Collected data ->
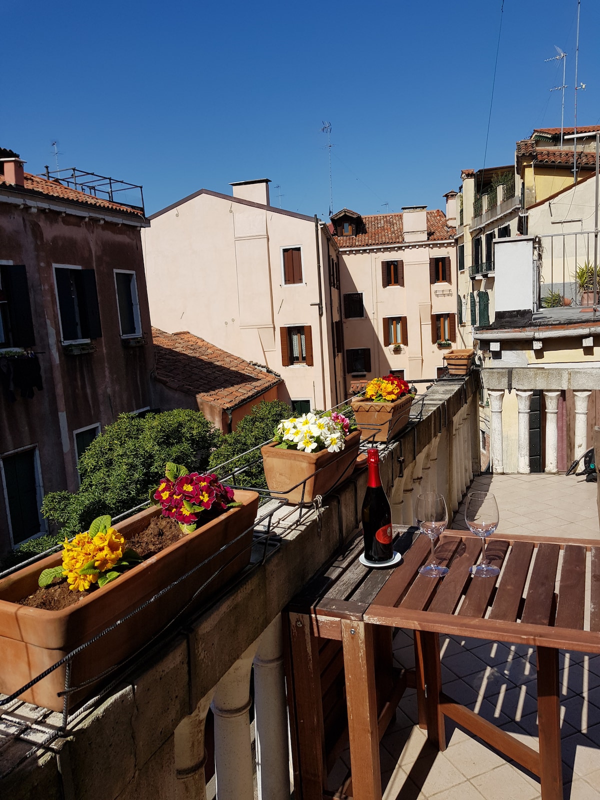 Acurrúcate con un libro, desayuna y cena mientras admiras la increíble vista de los campanarios y canales de Venecia, vive como un verdadero veneciano en el barrio más típico de Venecia a pocos pasos del puente de Rialto, Ca' D'oro y San Marco en un apartamento acabado con muebles y adornos hechos por artesanos venecianos y de Murano. Te sentirás como si estuvieras experimentando el fantástico ambiente de los años 1800, pero con todas las comodidades de un apartamento moderno. No te pierdas esta increíble experiencia.
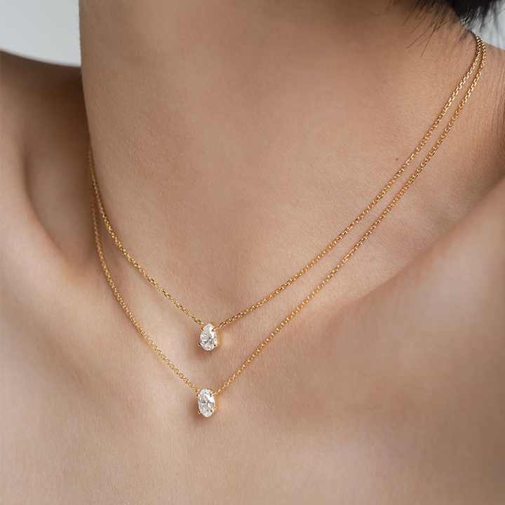 High-end 18K Gold PVD Dainty Waterdrop Oval Zirconia Stainless Steel Crystal Pendant Necklace Fashion Jewelry Stones
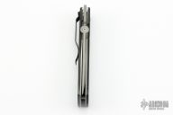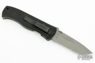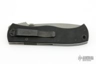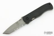 This 970S Emerson Designed CQC-7 by Benchmade features a bead blasted, chisel ground, drop point tanto style blade with swedge, thumb disc, notched thumb ramp and partial serrations. The handle is comprised of black G10 scales over titanium liners and black polymer backspacer. The steel pocket clip is positioned for tip down carry. Lanyard hole in pommel. Excellent condition. Comes with original box and papers.
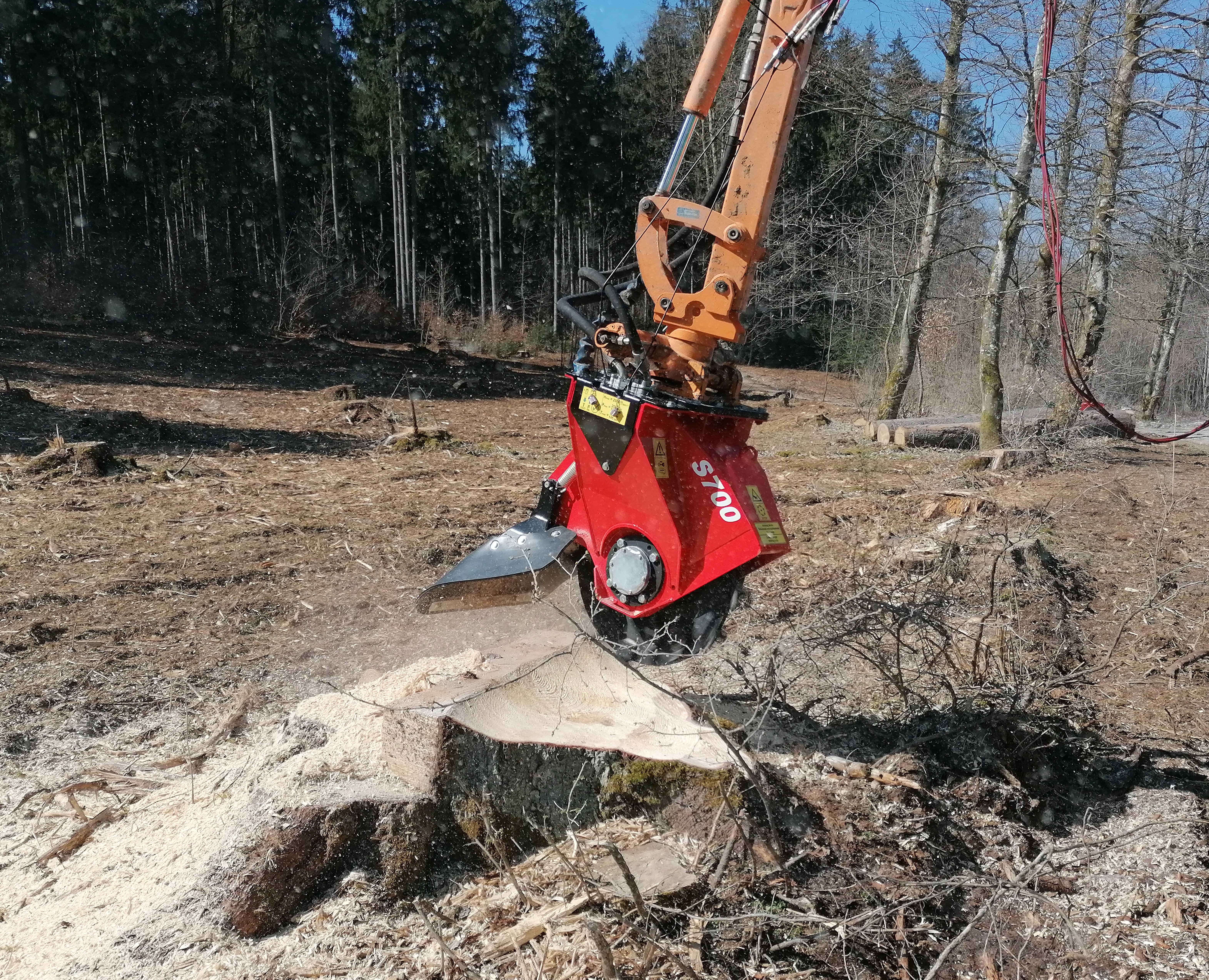 Parfaite pour défricher les sols avec de grosses souches ou racines, quelle que soit leur taille. Une roue de broyage puissante équipée d’outils agressifs oscille sur le bras de la pelle au-dessus de la souche et la fraise en profondeur. La Beaver S700e est conçue pour les pelles de 6 à 12 tonnes avec bras d’extension équivalent.

Description of the task -> Reproduce precisely the lines of the listing above, from the line containing "High-end 18K Gold" to the last line, both ends included. Pictures are to be omitted.

Solution to the exercise ->
 High-end 18K Gold PVD Dainty Waterdrop Oval Zirconia Stainless Steel Crystal Pendant Necklace Fashion Jewelry Stones
 This 970S Emerson Designed CQC-7 by Benchmade features a bead blasted, chisel ground, drop point tanto style blade with swedge, thumb disc, notched thumb ramp and partial serrations. The handle is comprised of black G10 scales over titanium liners and black polymer backspacer. The steel pocket clip is positioned for tip down carry. Lanyard hole in pommel. Excellent condition. Comes with original box and papers.
 Parfaite pour défricher les sols avec de grosses souches ou racines, quelle que soit leur taille. Une roue de broyage puissante équipée d’outils agressifs oscille sur le bras de la pelle au-dessus de la souche et la fraise en profondeur. La Beaver S700e est conçue pour les pelles de 6 à 12 tonnes avec bras d’extension équivalent.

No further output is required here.